Introduction

H. pylori eradication is strongly recommended in all patients with atrophic gastritis and peptic ulcer disease, but may also benefit subgroups of patients with dyspepsia, and patients who start with NSAID therapy [16]. H. pylori eradication therapy is an important component of guidelines concerning these patients [7, 8].

Currently, non-invasive management strategies and the widespread shortage in endoscopic capacity insure that many patients with H. pylori are managed without upper gastrointestinal endoscopy. The American College of Gastroenterology recommends that when an endoscopy is not performed, a serological test, which is the least expensive means of evaluating for evidence of H. pylori infection, should be done [9]. When endoscopy is indicated, biopsy specimens can be taken for microscopic demonstration of the organism, culture, histology or urease testing. Nowadays, in the Netherlands, biopsies are not routinely sent for culture and susceptibility testing of the infecting strain because of the high costs.

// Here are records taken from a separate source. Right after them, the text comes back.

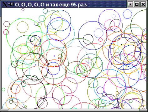 4. Нарисуйте в окне 100 окружностей. Цвет, координаты центра и радиус выбирать случайным образом.
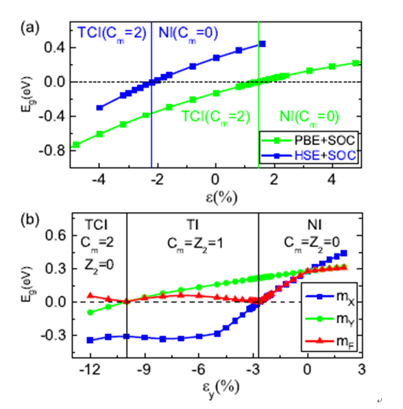 图2.单层硫化铅的带隙以及能带拓扑性质在 (a) 双轴应变和(b)单轴应变下的演变。
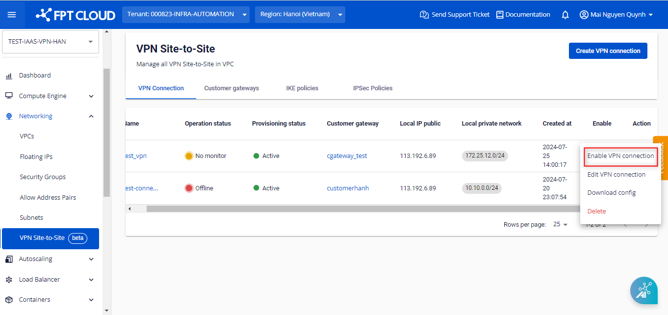 Để enable VPN connection , người dùng chọn Enable VPN connection ở mục Action.
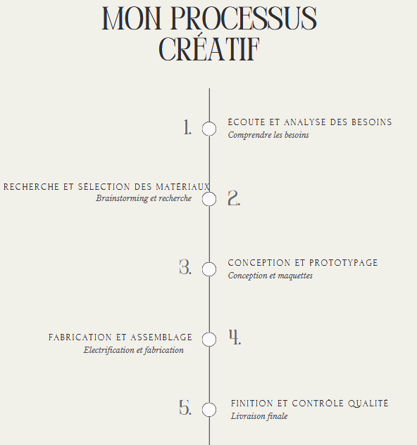 Après une formation spécialisée à Versailles et des collaborations avec des maisons comme Abat-Jour Déco et la brasserie Café Montparnasse, je poursuis aujourd’hui cette aventure artisanale avec la même exigence et la même passion pour le geste juste et la lumière.
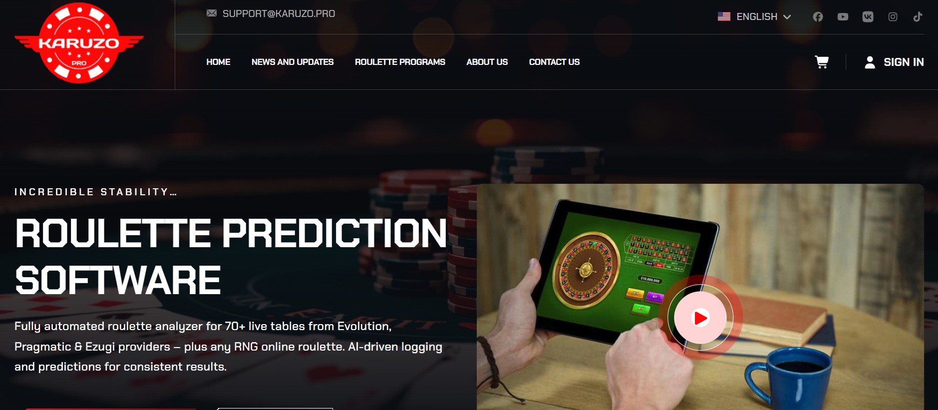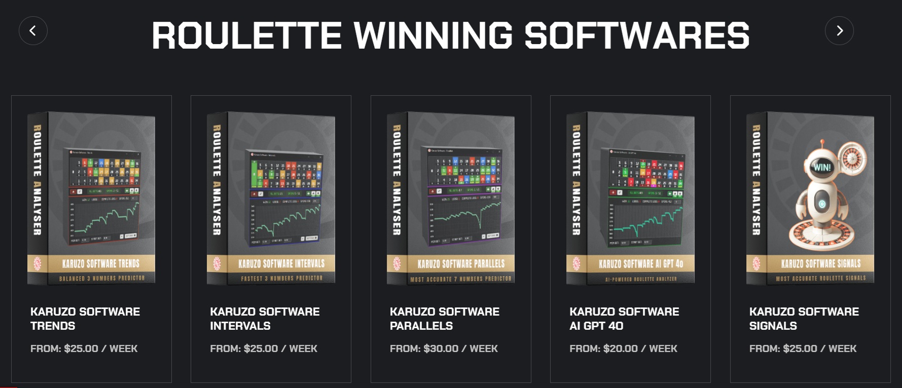 Karuzo.pro – сервис, который предлагает программное обеспечение для прогнозирования результатов рулетки. Проект был открыт в 2018 году. Работает на базе искусственного интеллекта. Продукты сервиса в первую очередь подходят для слотов от провайдеров Ezugi, Evolution, Pragmatic; но также могут использоваться и для любых иных онлайн-рулеток с генераторами случайных чисел. Помимо анализатора платформа предлагает автокликер и дополнительные утилиты (трекеры, калькуляторы и регистраторы статистики). Наибольшую эффективность продукты демонстрируют при прогнозировании игр на 3 числа. Скорость анализа составляет 15-20 вращений, а максимальная точность может достигать 96%. Для новичков доступна бесплатная пробная версия.
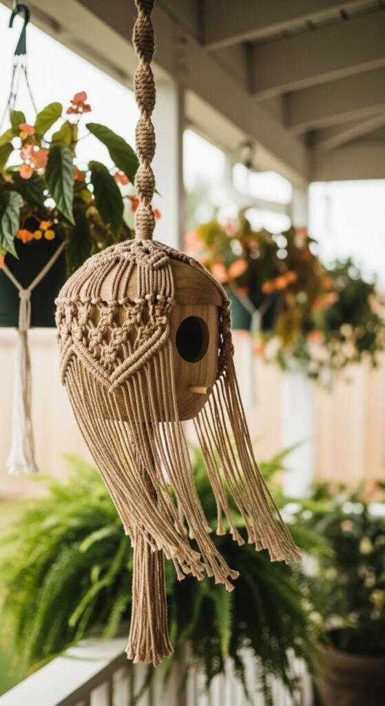 Wrap a plain wooden birdhouse in natural jute twine or macramé knotwork for a boho garden look that feels right at home on a covered porch or pergola. Use basic square knots to create a hanging sleeve around the body of the house, leaving the entrance hole clear. Finish with a fringe bottom. Macramé is surprisingly beginner-friendly — dozens of free YouTube tutorials show basic patterns in under 20 minutes. Hang from a thick braided rope for a finished look. Wrens love enclosed, sheltered hanging houses like this in covered patio spaces.
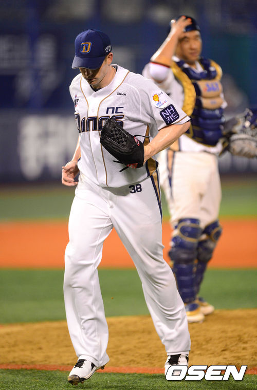 6일 오후 경남 창원 마산구장에서 열린 '2013 한국야쿠르트 세븐 프로야구' NC 다이노스와 LG 트윈스의 경기, 6회초 2사 NC 에릭 선발투수가 교체되고 있다.

Apart from patient compliance, resistance of Helicobacter pylori to antibiotics can decrease the success of H. pylori eradication therapy. Regimens of choice for eradication of H. pylori should be guided by local antibiotic resistance rates. In the Netherlands, the overall prevalence of resistance to clarithromycin and metronidazol was lower than in some surrounding countries possibly due to restrictive use of antimicrobials [1012]. The advised treatment in the Netherlands consists of a proton pump inhibitor (PPI)-triple therapy for 7 days without prior susceptibility testing. An increase of resistance rates to antimicrobial agents is however expected because increasing number of patients treated and increasing consumption of antibiotics, in particular macrolides, was observed in recent years [13].

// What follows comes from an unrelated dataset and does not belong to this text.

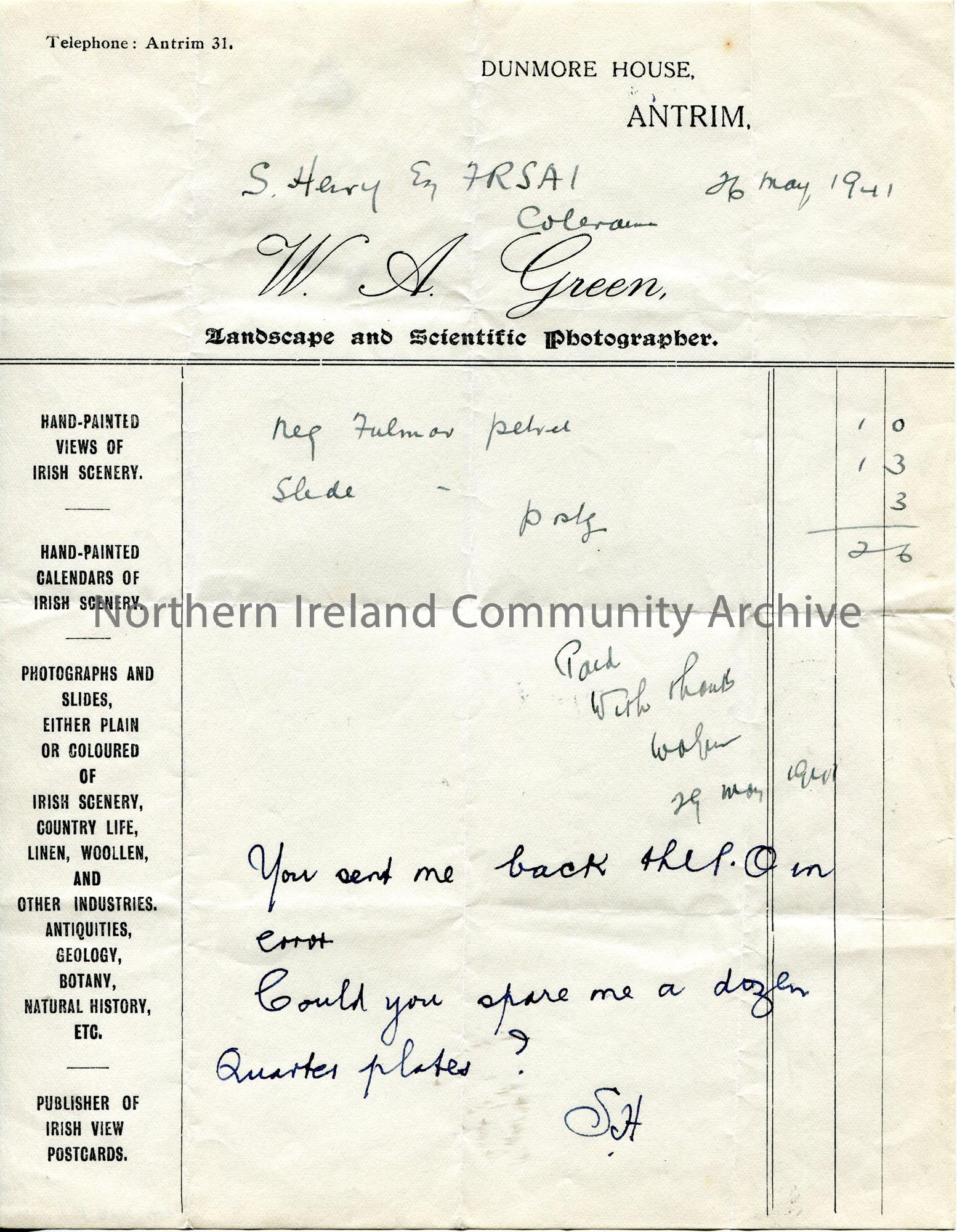 Handwritten invoice on headed paper for Sam Henry to pay W. A. Green, photographer. Dated 26th May 1941. For an image of a fulmar petrel [bird], slide and postage totalling £0.2.6. Handwritten note from Sam for sending something in error and if he could have some quarter plates.
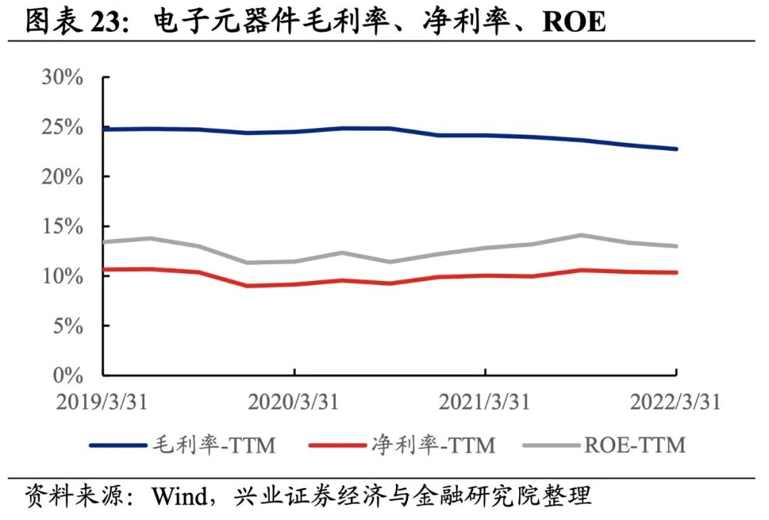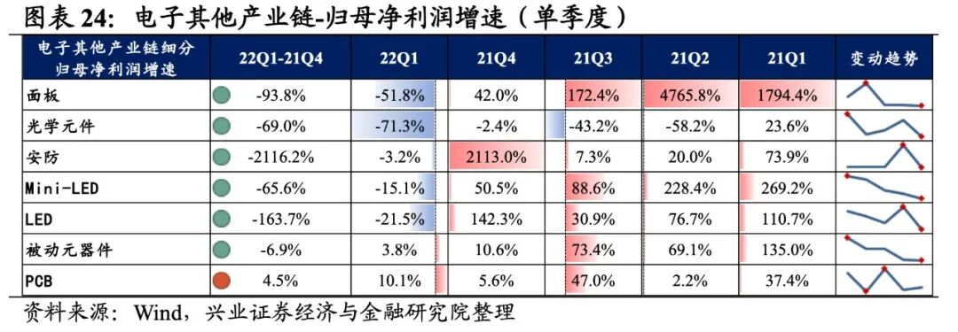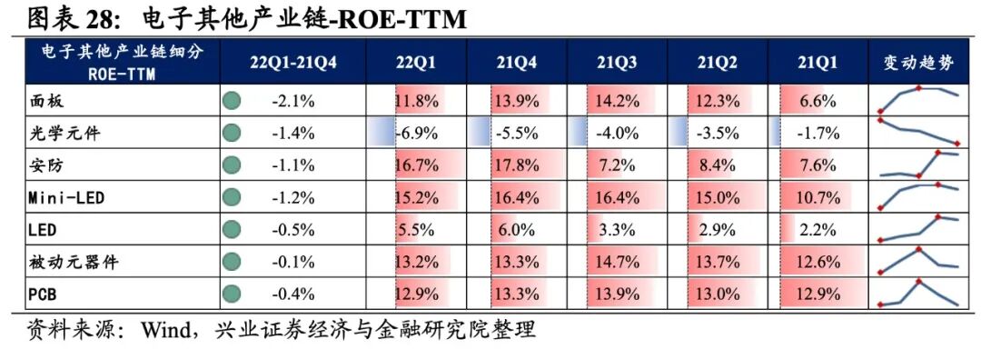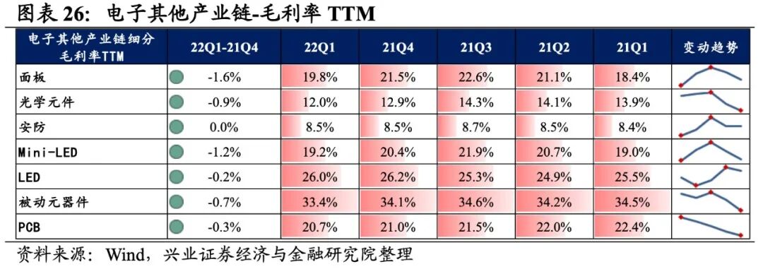 光学光电子产业链景气度回落较大,细分环节归母净利润均为负增长,安防归母净利润增速较高,其次是Mini-LED和LED。从增速趋势来看,所有环节归母净利润增速均下滑,安防增速下滑的幅度最大。盈利能力方面,所有环节毛利率或净利率均较21Q4下滑。具体来看:1)面板:归母净利润增速大幅转负,盈利能力有所回落。22Q1归母净利润增速、营收增速分别是-51.8%、7.1%,增速较21Q4回落了93.8pct、提升了10.3pct,营收增速转正但归母净利润增速大幅转负。盈利能力有所回落,毛利率、净利率下滑了1.6pct、1.3pct。2)光学元件:归母净利润加速下滑,盈利能力继续回落。22Q1归母净利润增速、营收增速分别是-71.3%、-23.1%,增速较21Q4回落了69.0pct、提升了1.8pct,归母净利润加速下滑。盈利能力继续回落,毛利率、净利率下滑了0.9pct、1.2pct,均出现连续两个季度回落的情况。3)安防:归母净利润增速大幅回落至负增长,营收持续下滑。22Q1归母净利润增速、营收增速分别是-3.2%、-38.3%,增速较21Q4回落了2116.2pct、提升了4.2pct。归母净利润大幅回落,增速由正转负,营收也连续四个季度大幅下滑。4)Mini-LED:业绩下行,盈利能力有所回落。22Q1归母净利润增速、营收增速分别是-15.1%、19.1%,增速较21Q4回落了65.6pct、28.2pct,业绩表现较差,归母净利润增速连续四季度下行。盈利能力有所回落,毛利率、净利率下滑了1.2pct、0.8pct。5)LED:归母净利润增速大幅回落至负增长,盈利能力有所回落。22Q1归母净利润增速、营收增速分别是-21.5%、4.5%,增速较21Q4回落了163.7pct、7.3pct,归母净利润增速大幅回落至负增长。盈利能力有所回落,毛利率、净利率下滑了0.2pct、0.5pct。电子元器件产业链业绩增速基本持平,盈利能力有所回落。从电子元器件产业链整体来看,22Q1单季度归母净利润增速、营收增速分别是7.94%、11.38%,较21Q4单季度增速分别提升1.1pct、下滑0.6pct。盈利能力有所回落,毛利率、净利率、ROE下降0.4pct、0.1pct、0.3pct。![]()

The aim of the present study was firstly, to determine the efficacy of 7-day PPI-triple therapy for H. pylori in a well-defined group of patients with a rheumatic disease and serologic evidence of H. pylori infection who were on long-term NSAID therapy and secondly, to get insight in the prevalence of antibiotic resistance of H. pylori in the studied population.

Methods

This study was part of a placebo-controlled randomized clinical trial of which the clinical results have been described elsewhere [14], wherein we described that H. pylori eradication has no beneficial effect on the incidence of gastroduodenal ulcers or occurrence of dyspepsia in patients on long-term NSAID treatment. Between May 2000 and June 2002, patients were recruited from eight rheumatology outpatient departments in six cities in the Netherlands. Patients with a rheumatic disease were eligible for inclusion if they were between 40 and 80 years of age, were positive for H. pylori on serological testing and were on long-term NSAID treatment. Forty-eight percent used a gastroprotective drug (7% H2 receptor antagonists [H2RA], 37% proton pump inhibitors [PPI], 7% misoprostol, 3% used a combination of these). Exclusion criteria were previous eradication therapy for H. pylori, known allergy for the study medication or presence of severe concomitant disease.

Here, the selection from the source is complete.